Whether you have just one employee that speaks another language, or 500, color-coding can help to keep efficiency high and mistakes low. Because colors are universal, no matter what language someone speaks, they are going to be able to tell one color from another. Red is red, even if the word itself is different.

Having a color-coding program in place can help limit the language confusion found in food processing facilities. Less confusion means safer practices, and this means better food safety. This can add up to fewer recalls, which saves money.

3. Simplicity is essential for an effective program

Food safety is a challenging endeavor in an industry with complex regulations, and color-coding is intended to simplify an element of it. Completely simplifying food safety is impossible, but color-coding can help, along with supporting the overall goal of meeting food safety regulations. Color-coding offers a method to intuitively keep tools organized and clearly communicate which tools belong in certain areas. Visual identification of equipment is quick when tools are color-coded.

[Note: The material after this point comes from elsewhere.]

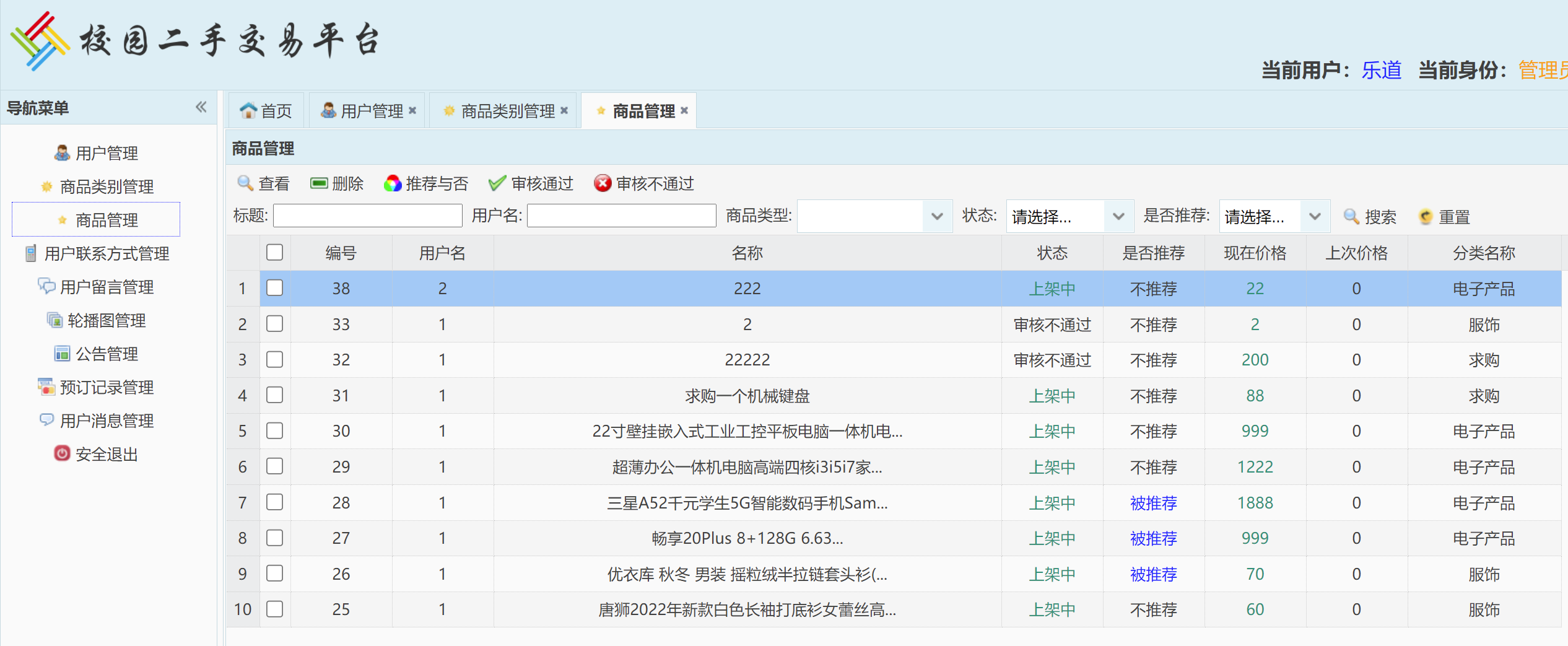 3. 商品管理(查询、删除、审核商品、推荐商品)

The foremost principle to remember regarding the simplicity of a color- coding system is to limit the number of colors used to what is absolutely necessary. For example, many food production operations have determined that only two colors are needed: one for “food contact” and another for “non-food contact.” A plan like this would ensure that tools used on the floor are easily identified as being different than those intended to be used on food and food contact surfaces. This type of simplistic plan is very easy to explain to employees and communicate throughout the facility.

4. Communication is key

A solid communication plan is essential to an effective color-coding system. With the proper communication channels in place, your color-coding system has the best chance for successful adoption—helping you mitigate the risk of cross-contamination.

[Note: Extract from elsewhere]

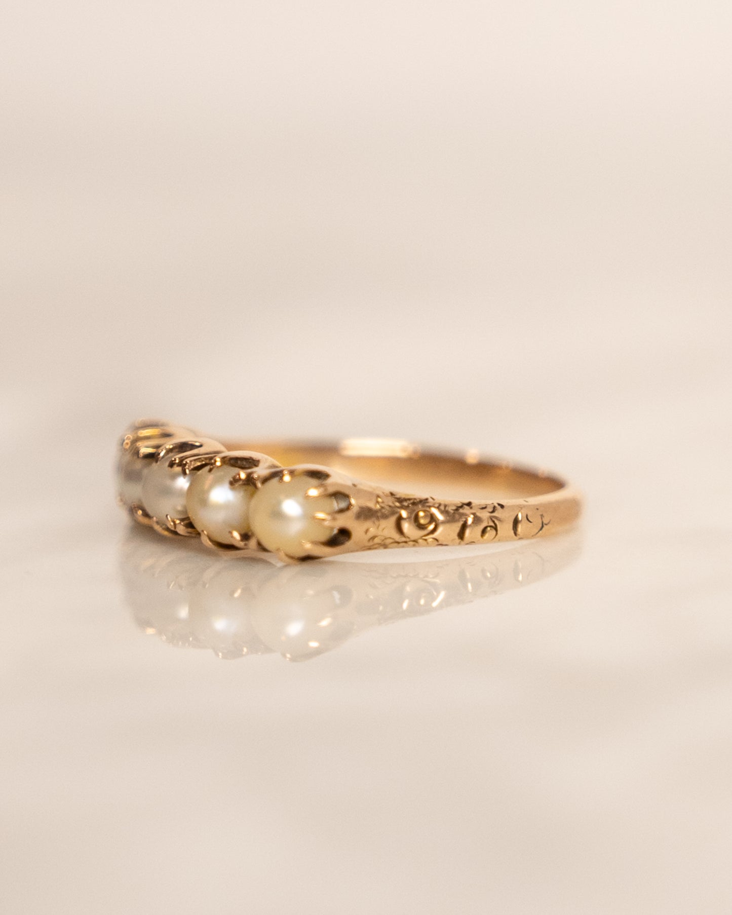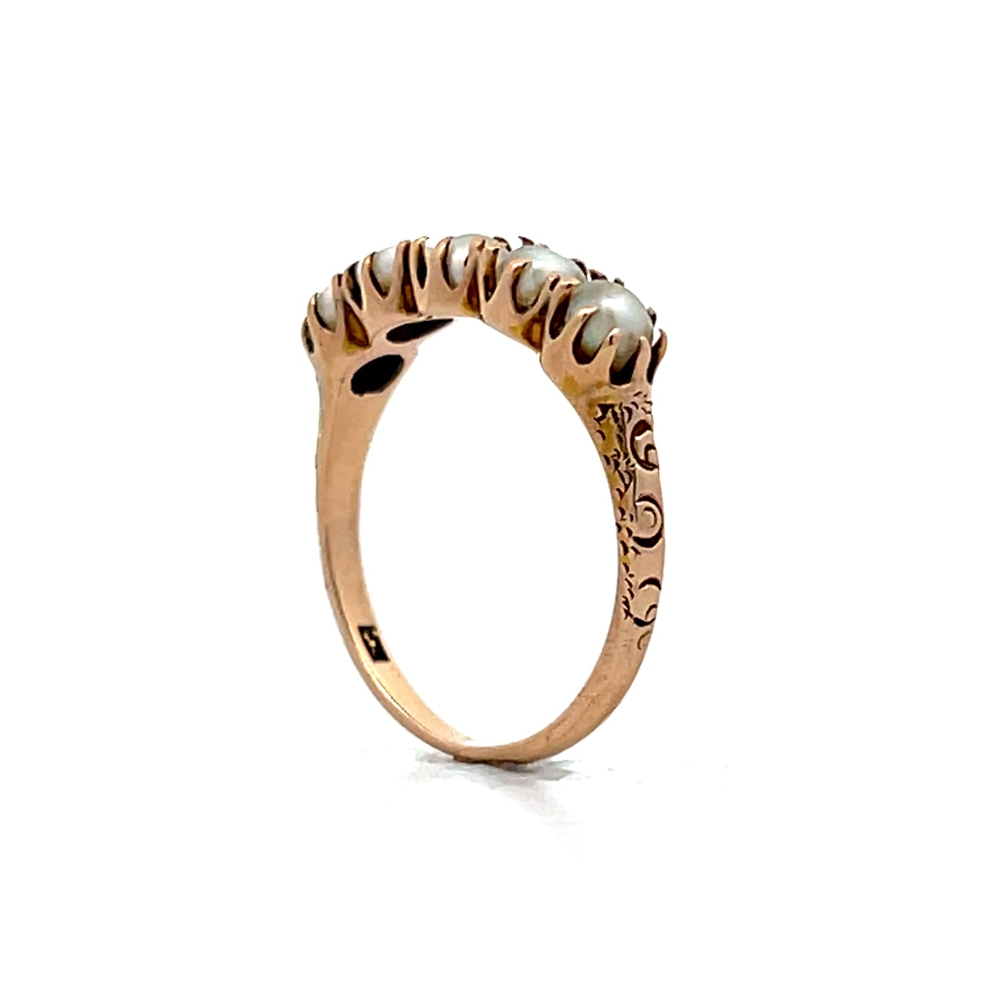 This Victorian-era ring has five pearls set in prongs along a 14 karat yellow gold band. Pearls are known for their calming properties and are often associated with wisdom, giving this ring both beauty and meaning. The yellow gold provides a warm background that highlights the soft glow of the pearls. The ring will work well worn alone or stacked with other rings for a more layered look.

Communication should start at the top of the company and go down to each and every employee. When all employees are knowledgeable about the new or changed program, the chances of success are higher.

5. Complete implementation improves internal adoption

The final key to the success of a color-coding program is ensuring that it is completely integrated into the facility. If you have decided to take the plunge and start a color-coding program, or if you think yours needs some tweaking, remember that even a good color-coding program can be problematic if it is not uniformly applied. Ensuring complete implementation will improve internal adoption.